Please print nothing but the lines from the one with "Rektangulær Murano-vase i" to the last line of the records below, and omit pictures.

········

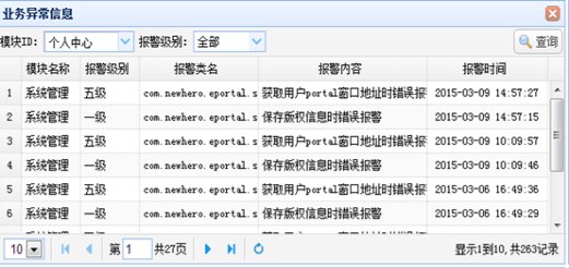 业务异常信息是系统运行过程中,系统记录下的各类业务报警消息,对系统管理人员排除系统异常错误提供有力支持。
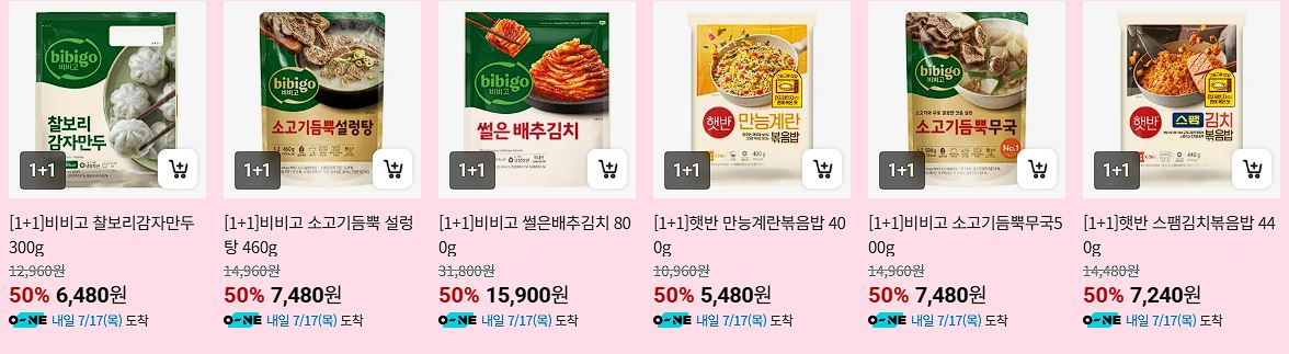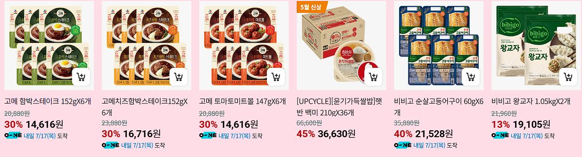 할인 품목 : 만두, 햇반, 함박스테이크 등
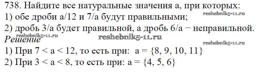 Готовая домашняя работа с ответами по Математике за 5 класс Мерзляк, Полонский, Якир Учебник Алгоритм успеха Вентана-граф 2016 ФГОС - §26. Правильные и неправильные дроби. Сравнение дробей 738
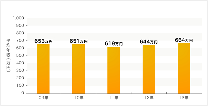 飛島建設の年度別平均年収を中堅ゼネコン9社の平均と比較すると、いずれの年度においても高めであると言えます。2011年度までは平均との差が10~20万円程度でしたが、2012年度には約40万円の差に広がり、2013年度でも約31万円上回っています。
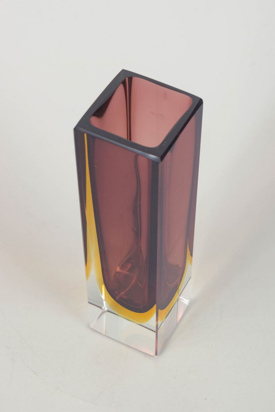Rektangulær Murano-vase i lagdelt sommerso-glas med klar ydre krop, dyb ametystfarvet indre kerne og varme gule overgange. Et elegant eksempel på 1960’ernes italienske glasdesign, kendetegnet ved skarpe linjer og optiske farvespil.
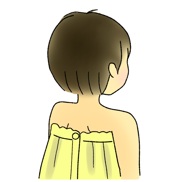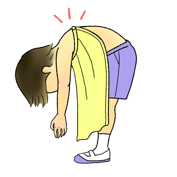 ラップタオルを着用して内科検診を受ける場合。脊柱側弯検診のためお辞儀をしているイラストです。ボタン側を背中に回し、一番上だけボタンを留めています。※リクエストイラスト

········

RESULT FOR THIS EXERCISE
Rektangulær Murano-vase i lagdelt sommerso-glas med klar ydre krop, dyb ametystfarvet indre kerne og varme gule overgange. Et elegant eksempel på 1960’ernes italienske glasdesign, kendetegnet ved skarpe linjer og optiske farvespil.
 ラップタオルを着用して内科検診を受ける場合。脊柱側弯検診のためお辞儀をしているイラストです。ボタン側を背中に回し、一番上だけボタンを留めています。※リクエストイラスト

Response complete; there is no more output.